- REQUIRED WORK:
Pictures do not belong in the copy, so please give every entry below again exactly.

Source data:
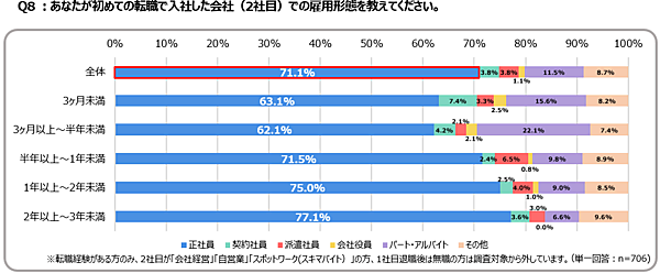 転職で入社した2社目の会社での雇用形態を聞くと、全体では71.1%が「正社員」と回答。在籍期間別で見ると、「2年以上~3年未満」が2社目も正社員として働いている割合が最も高く、「半年未満」では「パート・アルバイト」の割合が高い傾向が見られた。
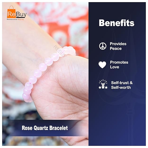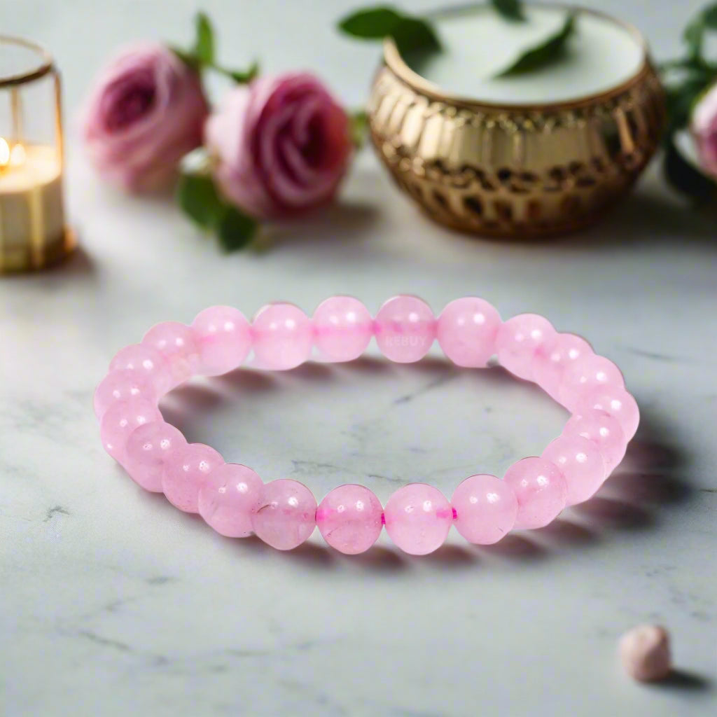 Rose Quartz Stone Brcaelet Lab Certificate 8mm Bracelet for Men & Women Natural Healing Gemstone BY REBUY
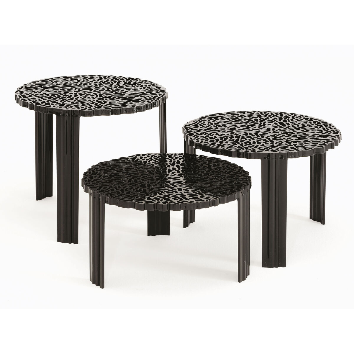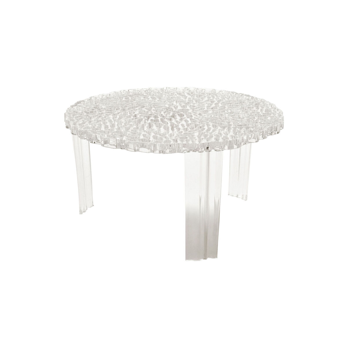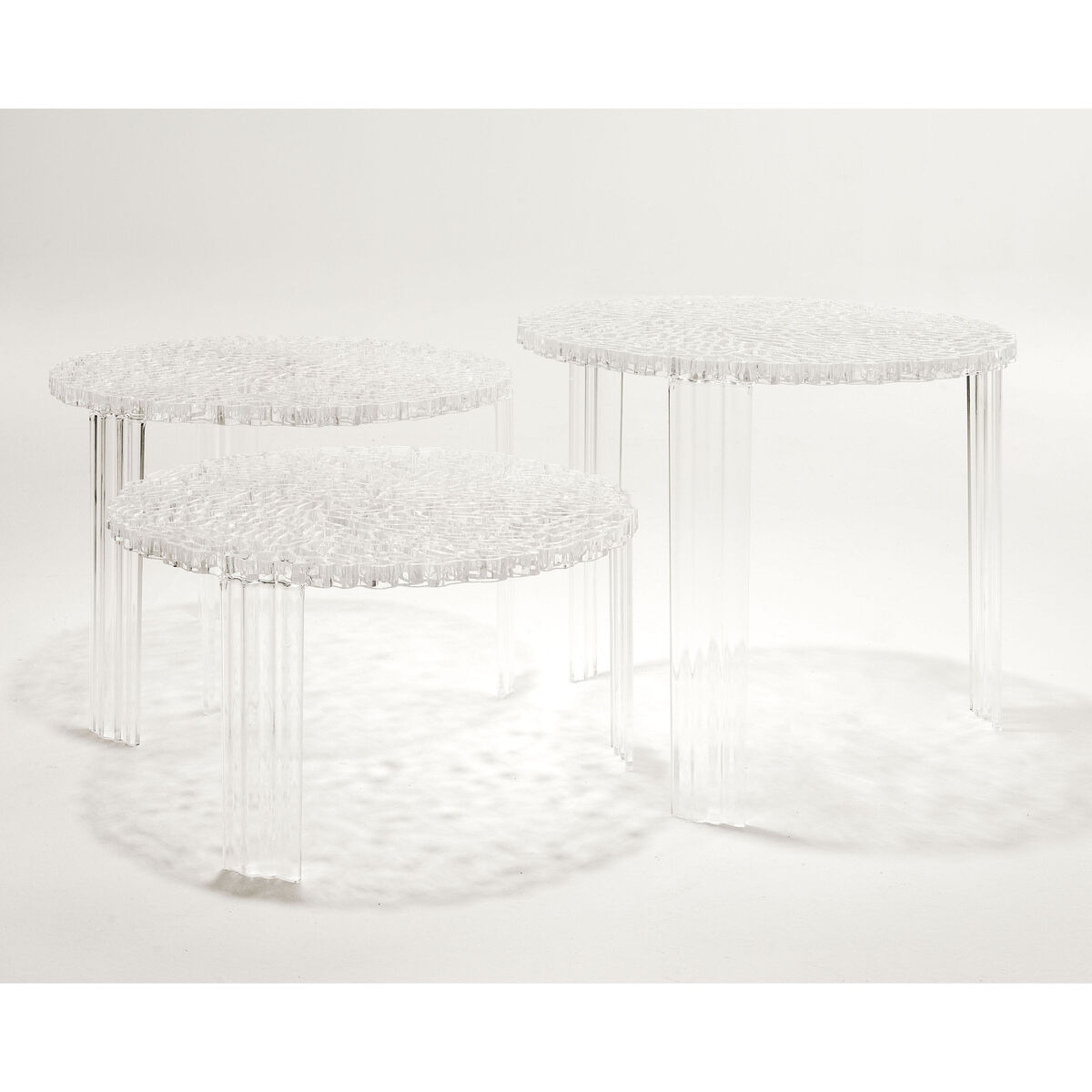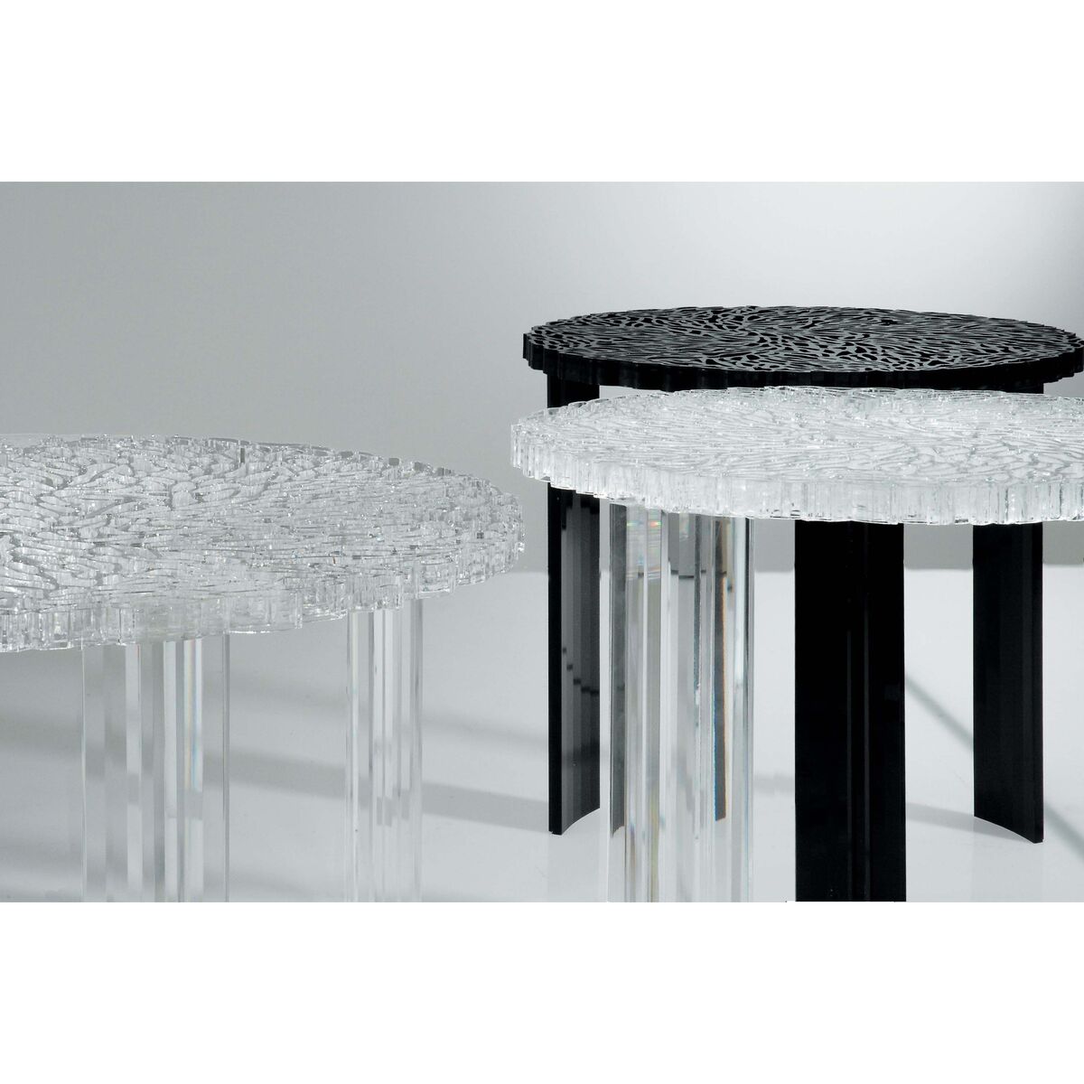 This line of tables originated from the creativity of Patricia Urquiola combined with Kartell's capability and technological know how. They resulted from the research into innovative surfaces to achieve new visual and tactile effects. The surface of the T-Table top alternates fullness and space to create an elegant and precious effect which is reminiscent of embroidery. This object expresses very poetic, feminine and extremely elegant born from technological research and experimentation. It's available in a clear transparent version and in coloured ones (orange, blue, amber, red and black) and it comes in three different heights. The diameter of the table top is 50 cm and the heights proposed are : 28 cm, 36 cm and 44 cm.
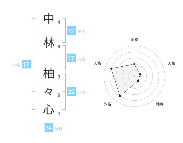 中林 柚々心さんの人格は17画の4点!
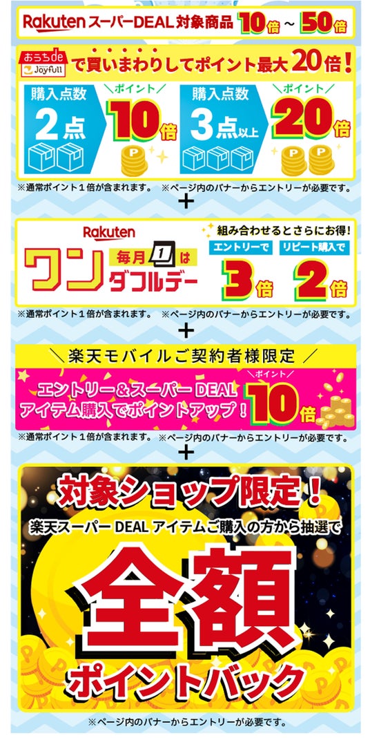 楽天スーパーDEAL対象商品のご購入で、最大81倍のポイントを獲得、さらに抽選で全額ポイントバックの特典など、大変お得なキャンペーンになります。

- EXERCISE RESPONSE:
 転職で入社した2社目の会社での雇用形態を聞くと、全体では71.1%が「正社員」と回答。在籍期間別で見ると、「2年以上~3年未満」が2社目も正社員として働いている割合が最も高く、「半年未満」では「パート・アルバイト」の割合が高い傾向が見られた。
 Rose Quartz Stone Brcaelet Lab Certificate 8mm Bracelet for Men & Women Natural Healing Gemstone BY REBUY
 This line of tables originated from the creativity of Patricia Urquiola combined with Kartell's capability and technological know how. They resulted from the research into innovative surfaces to achieve new visual and tactile effects. The surface of the T-Table top alternates fullness and space to create an elegant and precious effect which is reminiscent of embroidery. This object expresses very poetic, feminine and extremely elegant born from technological research and experimentation. It's available in a clear transparent version and in coloured ones (orange, blue, amber, red and black) and it comes in three different heights. The diameter of the table top is 50 cm and the heights proposed are : 28 cm, 36 cm and 44 cm.
 中林 柚々心さんの人格は17画の4点!
 楽天スーパーDEAL対象商品のご購入で、最大81倍のポイントを獲得、さらに抽選で全額ポイントバックの特典など、大変お得なキャンペーンになります。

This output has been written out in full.